# Majestic Jr. fountain



## Lenny (Sep 14, 2009)

My first attempt at turning a Majestic Jr. rollerball resulted in a nice pen that wouldn't "post", as the plastic threads got bunged up. So for my second try I decided to do a fountain out of Amboyna burl. =0)

It was also my first attempt at adding blo to the finishing process with the CA.


----------



## Rstyleusa (Sep 14, 2009)

Very nice looking pen!  You did a nice job and I love the Ambonya, it is one of my favorites to turn   Keep em coming.


----------



## glycerine (Sep 15, 2009)

That's a pretty pen Lenny!


----------



## rpearson (Sep 15, 2009)

Great Job!  Always love the Amboyna burl wood.  Makes for a very classy pen.


----------



## Lenny (Sep 15, 2009)

Thanks !  
I love amboyna burl as well! I believe that is a piece I purchased from isaacrapelje, one of the members here.


----------



## Marc (Sep 15, 2009)

Amboyna burl is also my favorite.  That is a nice pen - well done.


----------



## amboyna (Dec 12, 2010)

Obviously I love Amboyna Burl as well. My handle on Ebay has been amboyna since 1999.
Nice looking pen Lenny.


----------



## wiset1 (Dec 12, 2010)

Now that's a sweet turn.  I love the lines


----------



## wizard (Dec 12, 2010)

Very nice !! Love the amboyna. Thank you for showing ! Regards, Doc


----------



## Toni (Dec 12, 2010)

Really nice looking Pen Lenny!!


----------



## JerrySambrook (Dec 12, 2010)

Lenny,
Do you still have the rollerball?
Try contacting Penn State about the thread insert itself, and if you want to send it down, I can get it apart for you.

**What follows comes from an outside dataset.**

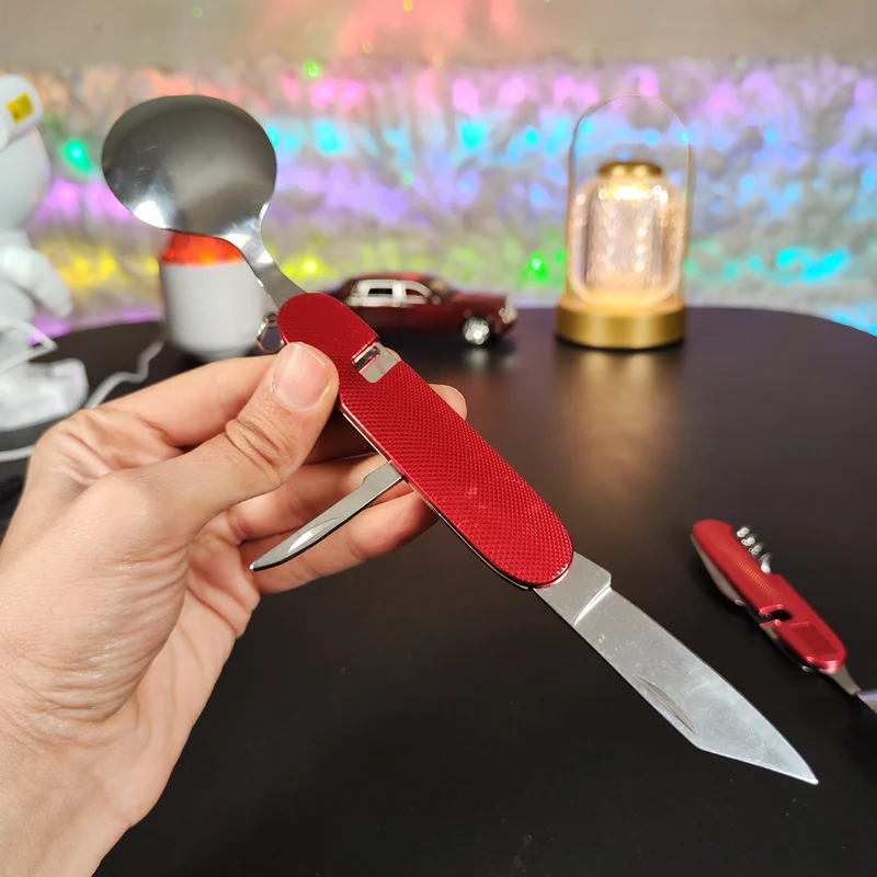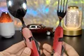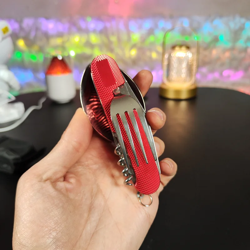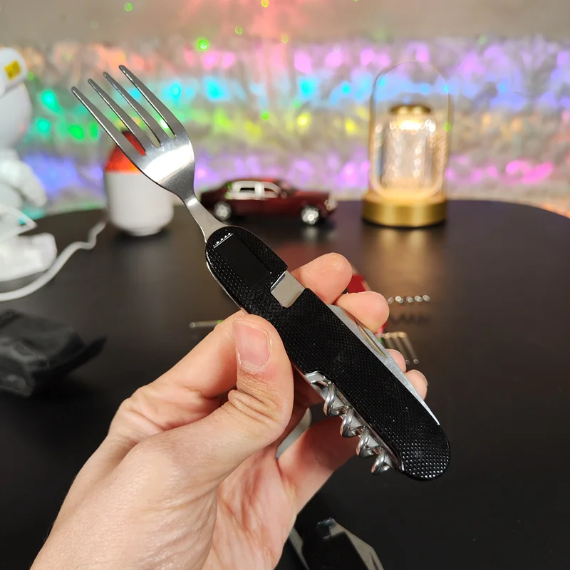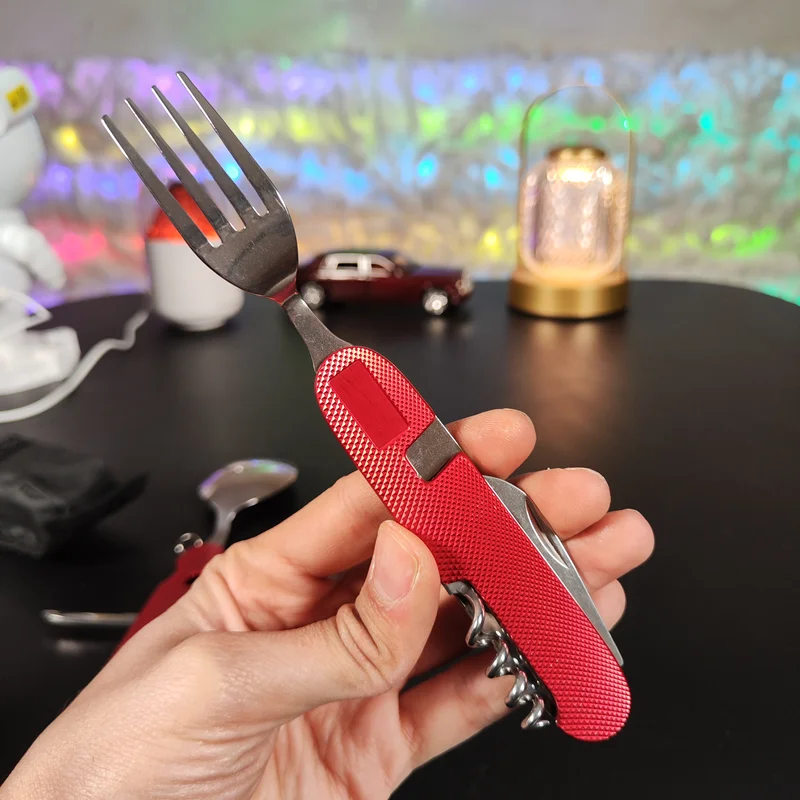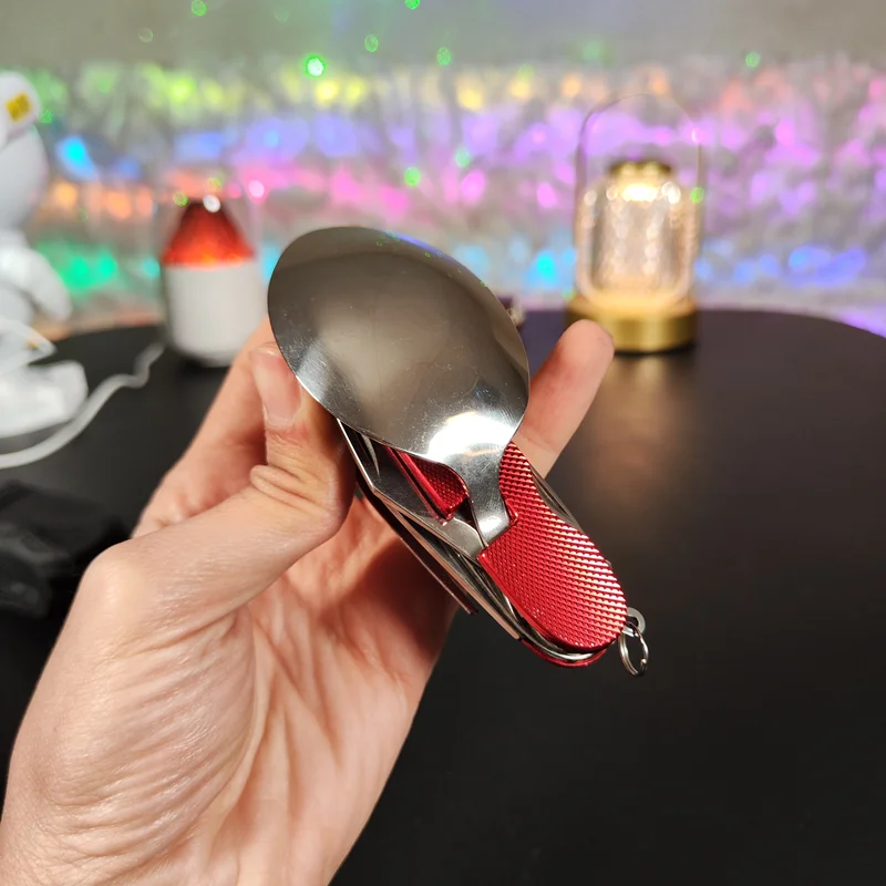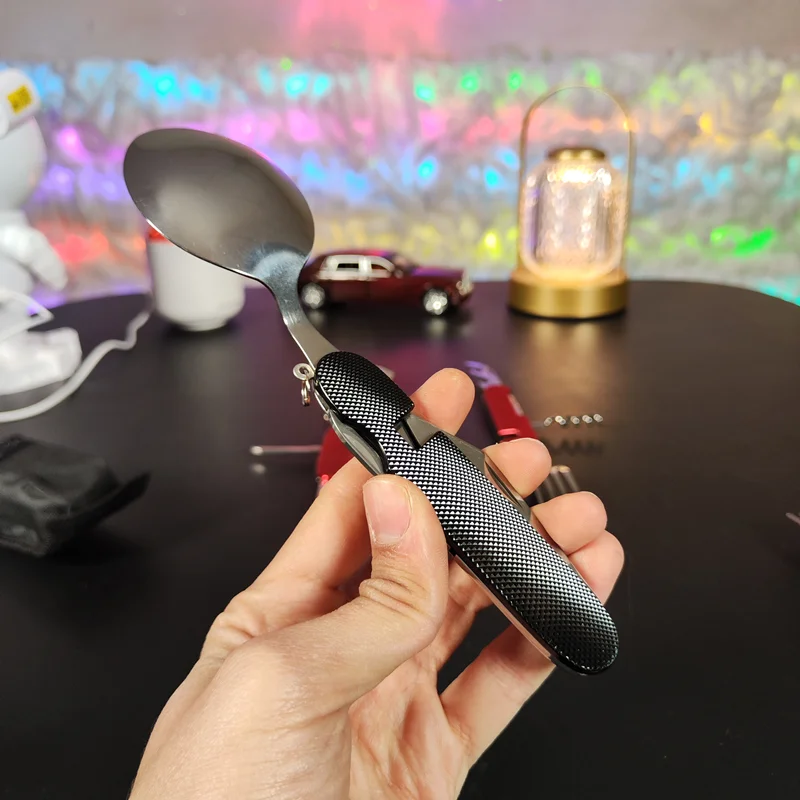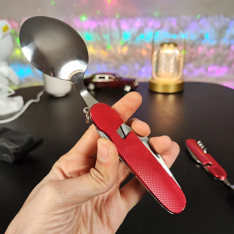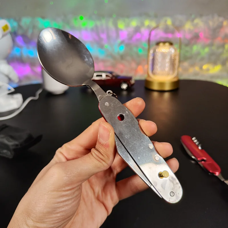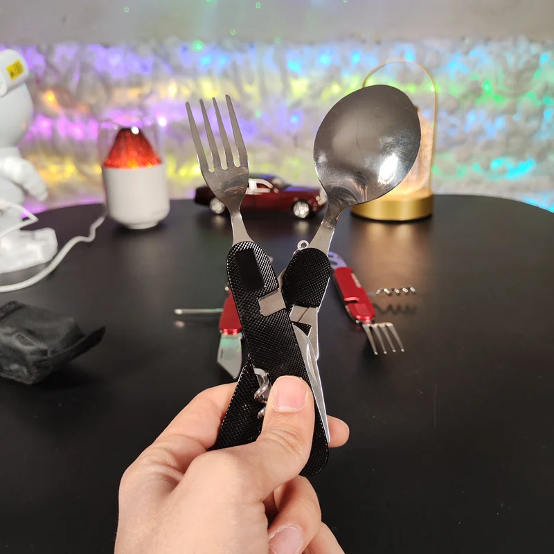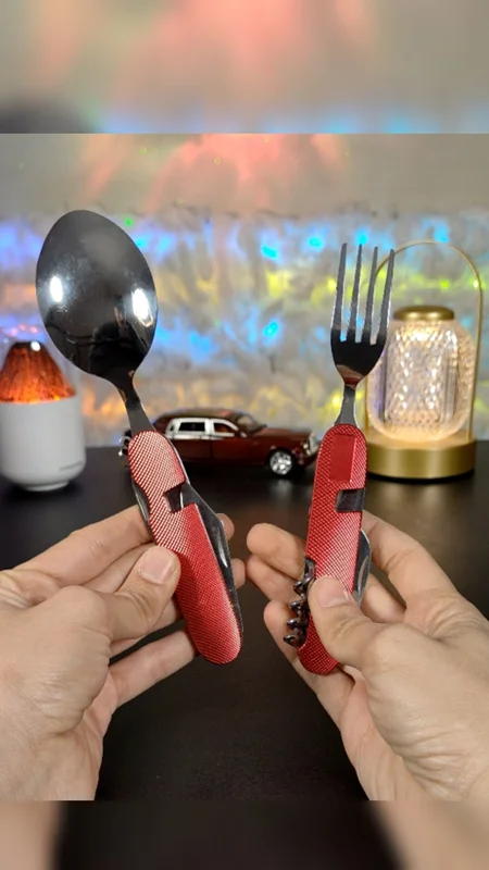 ست کامل قاشق ، چنگال ، چاقو و دربازکن تاشو ساخته شده از استیل ضد زنگ که کاملا بهداشتی و بسیار با دوانه ، خیلی راحت جمع میشه و توی جیبتون قرار میگیره و دیگه نیاز نیست کلی قاشق و چنگال با خودتون حمل کنید

Nice job on this one.  And not so shiney that you cannot see the figure  Great job


----------



## ctubbs (Dec 12, 2010)

Lenny, that is one good looking pen.  Your choice of background color was very good to complement the pen.
Charles


----------



## rskelly (Nov 24, 2011)

Great Pen!, did the BLO help ?


----------